As arrogant as this may seem, the 43rd president may have a point if things continue along the current trajectory. Republicans keep nominating candidates who create vast unfunded entitlements and grow the federal government once in office. Many of them have little connection to conservative principle even before they receive the nod. Yet few qualified conservatives are in a position to challenge them, leaving the task to talk radio hosts, former members of Congress, and House backbenchers.
This history seems likely to repeat itself after yesterday's New Hampshire primary. Mitt Romney was the winner, with just under 40 percent of the vote. The candidates most capable of mobilizing movement conservatives against him in the South seemed hopeless. Newt Gingrich and Rick Santorum struggled to win 10 percent of the vote to finish well outside the top three. Rick Perry was at 1 percent, barely clinging to life.

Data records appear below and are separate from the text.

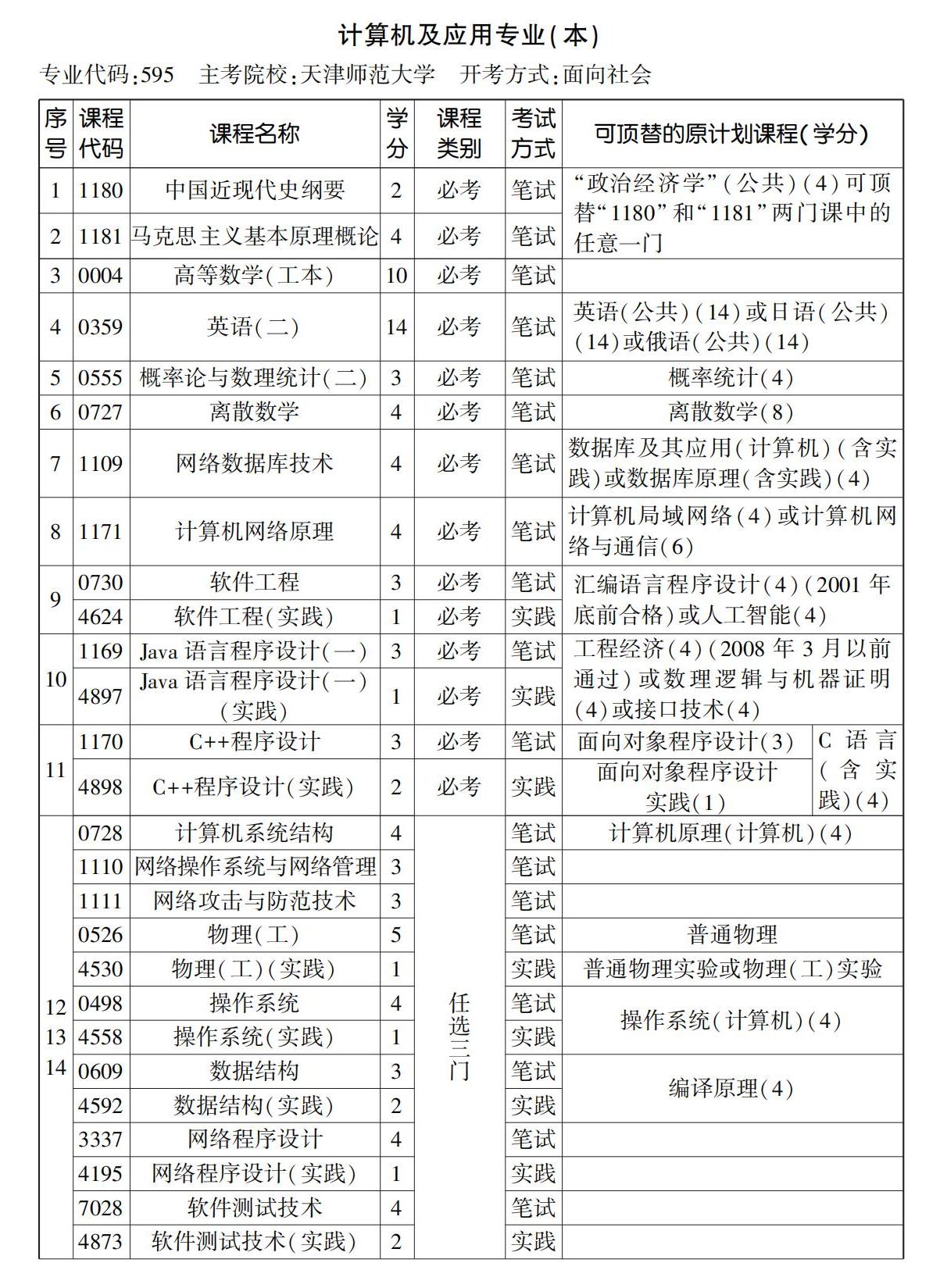 2023年10月天津自考本科计算机及应用专业计划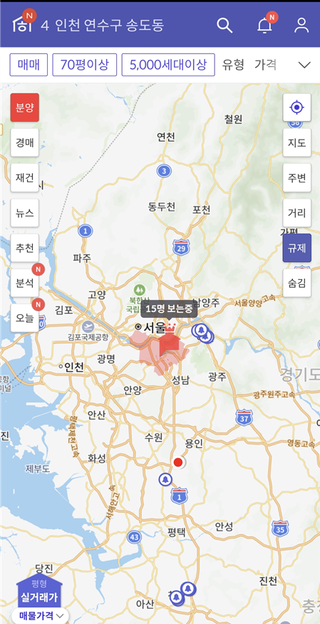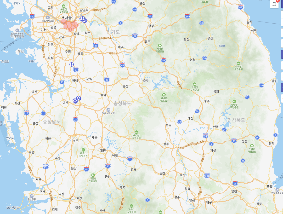전국으로 넓혀봐도 지금은 서울만 나옵니다.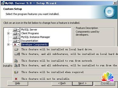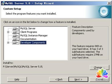 在“Developer Components(開發(fā)者部分)”上左鍵單擊,選擇“This feature, and all subfeatures, will be installed on local hard drive.”,即“此部分,及下屬子部分內(nèi)容,全部安裝在本地硬盤上”。在上面的“MySQL Server(mysql服務(wù)器)”、“Client Programs(mysql客戶端程序)”、“Documentation(文檔)”也如此操作,以保證安裝所有文件。點選“Change...”,手動指定安裝目錄。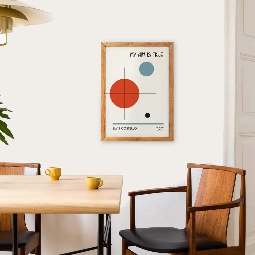 My aim is true retro art print, inspired by the 70s icon that is Elvis Costello. Taking influence from his 70s classic hit Alison and old science and mathematical textbooks to help create our midcentury inspired graphic art. Primary colours and Bauhaus inspired shape work this art print is an easy staple for any mid century modern home, just add some green plants and you're good to go. Sold without frameGiclée printed on Munken pure smooth cream paper which is certified by the Rainforest Alliance Program for FSC® Standards.
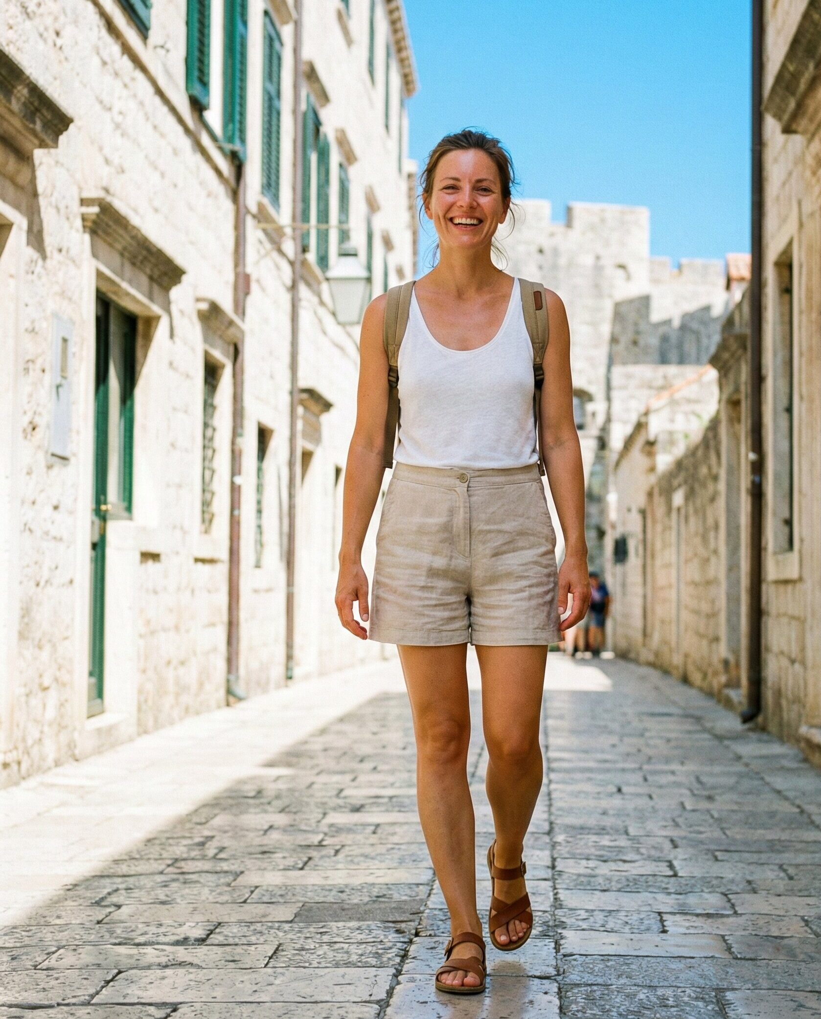 Linen shorts are a must for hot Croatian afternoons. They’re breathable, stylish, and easy to move in while exploring seaside villages. Pair them with a simple tank top and flat sandals for a relaxed, beach-ready vibe that still looks polished.

Having lost Iowa, which of these candidates will survive to stop Romney in South Carolina? After the votes are counted in Carolina, who will make their last stand against Mitt in Florida? If Romney wins those states, the man who designed the blueprint for Obamacare and boasted of his independence from Reagan conservatism will be hard to stop.
Richard Viguerie, the "funding father" of the conservative movement, decried the "conservative circular firing squad" in New Hampshire. Newt Gingrich blasted Romney as a "vulture capitalist" and said Ron Paul, the strongest small-government champion left in the race, was out of the mainstream. Paul blasted Gingrich as a "chickenhawk" and went up on the air against Rick Santorum. Santorum dismissed Paul as "disgusting" while Perry boasted that he would ignore the Granite State.
Is this the way to the White House in 2012?
For years, the conservative movement has divided into subsets of conservatism while ambitious establishment Republicans have carved up the spoils for themselves. New Hampshire was just the latest example.